Please write out the whole listing that follows exactly; the pictures stay out.

========================

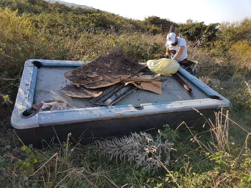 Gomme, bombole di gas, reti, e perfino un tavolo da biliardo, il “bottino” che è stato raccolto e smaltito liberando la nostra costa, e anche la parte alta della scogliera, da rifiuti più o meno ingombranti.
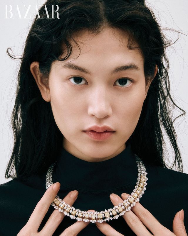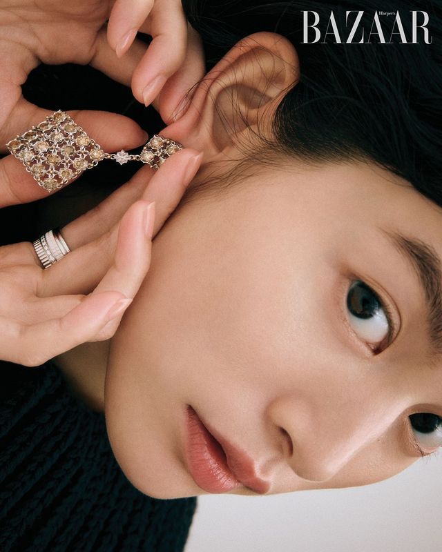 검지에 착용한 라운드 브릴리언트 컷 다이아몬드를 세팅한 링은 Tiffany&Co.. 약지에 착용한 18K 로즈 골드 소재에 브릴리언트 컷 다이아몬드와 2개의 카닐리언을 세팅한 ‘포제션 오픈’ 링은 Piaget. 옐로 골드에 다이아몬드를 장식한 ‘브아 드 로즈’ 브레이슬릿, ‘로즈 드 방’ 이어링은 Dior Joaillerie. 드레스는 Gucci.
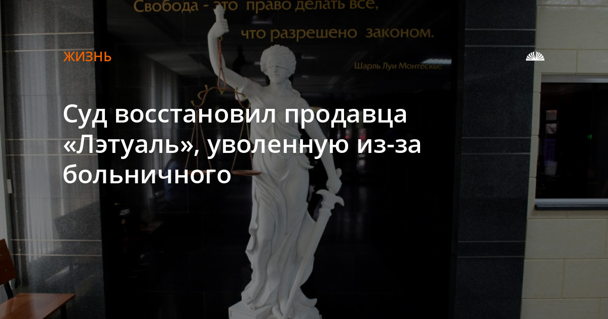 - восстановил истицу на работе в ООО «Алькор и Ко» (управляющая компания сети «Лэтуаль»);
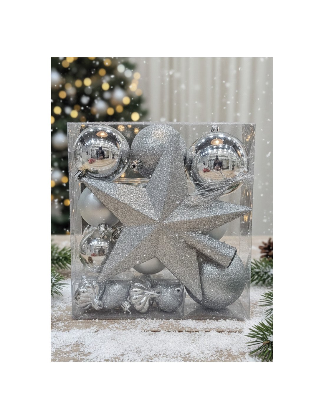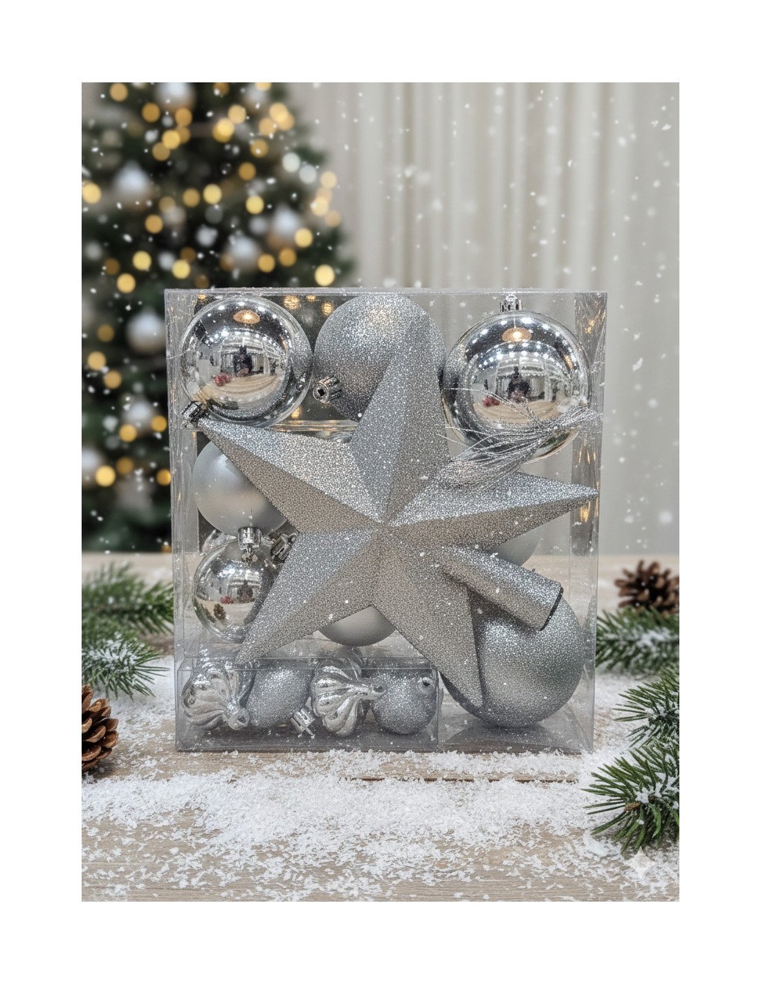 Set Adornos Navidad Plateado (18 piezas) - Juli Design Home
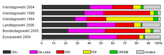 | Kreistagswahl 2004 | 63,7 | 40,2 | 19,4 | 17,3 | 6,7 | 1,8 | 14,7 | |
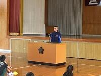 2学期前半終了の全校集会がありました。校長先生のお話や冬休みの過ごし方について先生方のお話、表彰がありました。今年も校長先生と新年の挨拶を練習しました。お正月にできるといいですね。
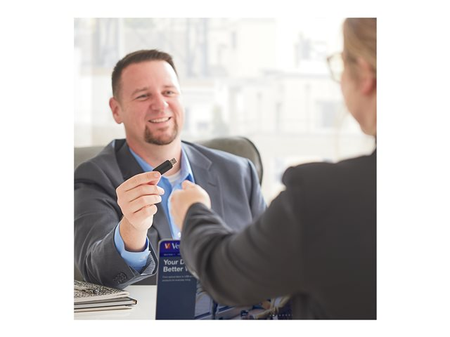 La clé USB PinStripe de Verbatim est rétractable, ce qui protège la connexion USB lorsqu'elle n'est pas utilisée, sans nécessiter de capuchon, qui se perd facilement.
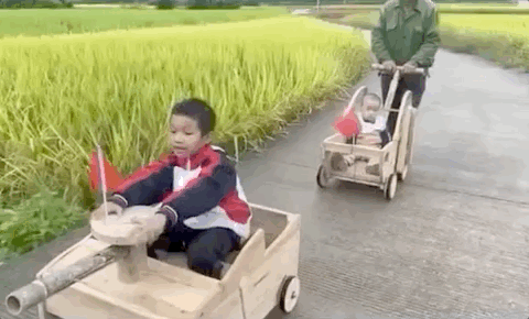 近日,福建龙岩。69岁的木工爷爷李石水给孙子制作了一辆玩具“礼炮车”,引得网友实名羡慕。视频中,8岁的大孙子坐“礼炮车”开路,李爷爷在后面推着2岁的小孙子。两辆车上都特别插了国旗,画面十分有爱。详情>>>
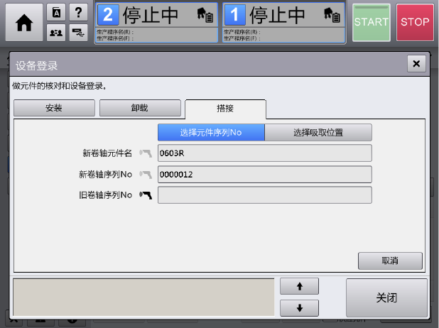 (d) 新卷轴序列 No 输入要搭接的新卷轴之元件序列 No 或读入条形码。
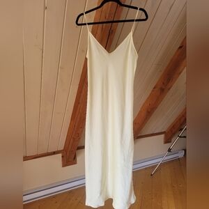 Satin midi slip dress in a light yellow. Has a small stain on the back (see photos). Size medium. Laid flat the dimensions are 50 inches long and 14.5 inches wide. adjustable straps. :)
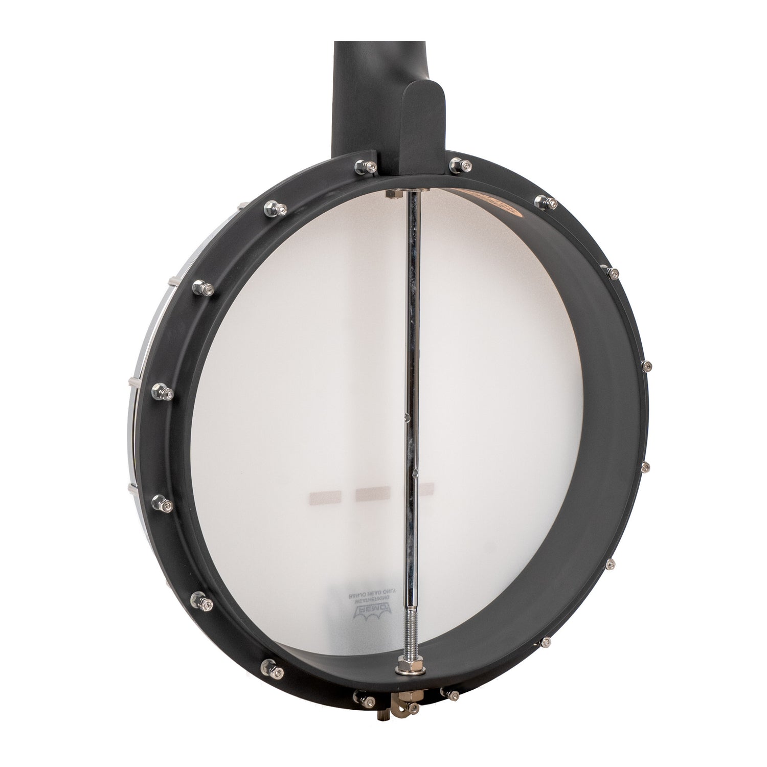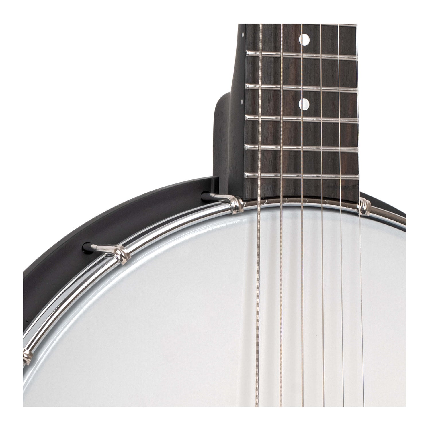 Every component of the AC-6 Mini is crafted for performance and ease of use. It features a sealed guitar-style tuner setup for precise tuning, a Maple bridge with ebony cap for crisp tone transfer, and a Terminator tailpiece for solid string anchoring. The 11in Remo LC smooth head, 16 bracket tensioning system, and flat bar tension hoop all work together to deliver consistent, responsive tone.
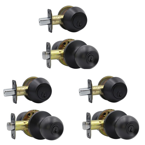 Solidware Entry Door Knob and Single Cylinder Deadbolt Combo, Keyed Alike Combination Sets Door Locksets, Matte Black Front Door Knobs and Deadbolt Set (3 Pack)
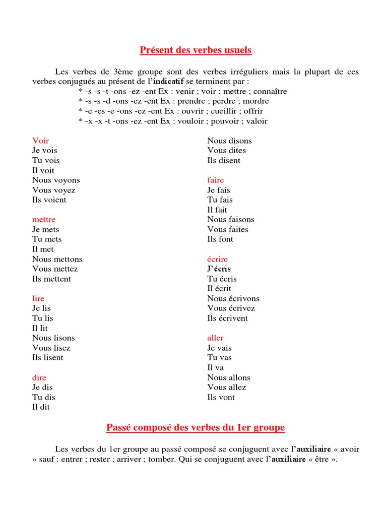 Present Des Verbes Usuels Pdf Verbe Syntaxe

========================

RESULT OF THE EXERCISE:
 Gomme, bombole di gas, reti, e perfino un tavolo da biliardo, il “bottino” che è stato raccolto e smaltito liberando la nostra costa, e anche la parte alta della scogliera, da rifiuti più o meno ingombranti.
 검지에 착용한 라운드 브릴리언트 컷 다이아몬드를 세팅한 링은 Tiffany&Co.. 약지에 착용한 18K 로즈 골드 소재에 브릴리언트 컷 다이아몬드와 2개의 카닐리언을 세팅한 ‘포제션 오픈’ 링은 Piaget. 옐로 골드에 다이아몬드를 장식한 ‘브아 드 로즈’ 브레이슬릿, ‘로즈 드 방’ 이어링은 Dior Joaillerie. 드레스는 Gucci.
 - восстановил истицу на работе в ООО «Алькор и Ко» (управляющая компания сети «Лэтуаль»);
 Set Adornos Navidad Plateado (18 piezas) - Juli Design Home
 | Kreistagswahl 2004 | 63,7 | 40,2 | 19,4 | 17,3 | 6,7 | 1,8 | 14,7 | |
 2学期前半終了の全校集会がありました。校長先生のお話や冬休みの過ごし方について先生方のお話、表彰がありました。今年も校長先生と新年の挨拶を練習しました。お正月にできるといいですね。
 La clé USB PinStripe de Verbatim est rétractable, ce qui protège la connexion USB lorsqu'elle n'est pas utilisée, sans nécessiter de capuchon, qui se perd facilement.
 近日,福建龙岩。69岁的木工爷爷李石水给孙子制作了一辆玩具“礼炮车”,引得网友实名羡慕。视频中,8岁的大孙子坐“礼炮车”开路,李爷爷在后面推着2岁的小孙子。两辆车上都特别插了国旗,画面十分有爱。详情>>>
 (d) 新卷轴序列 No 输入要搭接的新卷轴之元件序列 No 或读入条形码。
 Satin midi slip dress in a light yellow. Has a small stain on the back (see photos). Size medium. Laid flat the dimensions are 50 inches long and 14.5 inches wide. adjustable straps. :)
 Every component of the AC-6 Mini is crafted for performance and ease of use. It features a sealed guitar-style tuner setup for precise tuning, a Maple bridge with ebony cap for crisp tone transfer, and a Terminator tailpiece for solid string anchoring. The 11in Remo LC smooth head, 16 bracket tensioning system, and flat bar tension hoop all work together to deliver consistent, responsive tone.
 Solidware Entry Door Knob and Single Cylinder Deadbolt Combo, Keyed Alike Combination Sets Door Locksets, Matte Black Front Door Knobs and Deadbolt Set (3 Pack)
 Present Des Verbes Usuels Pdf Verbe Syntaxe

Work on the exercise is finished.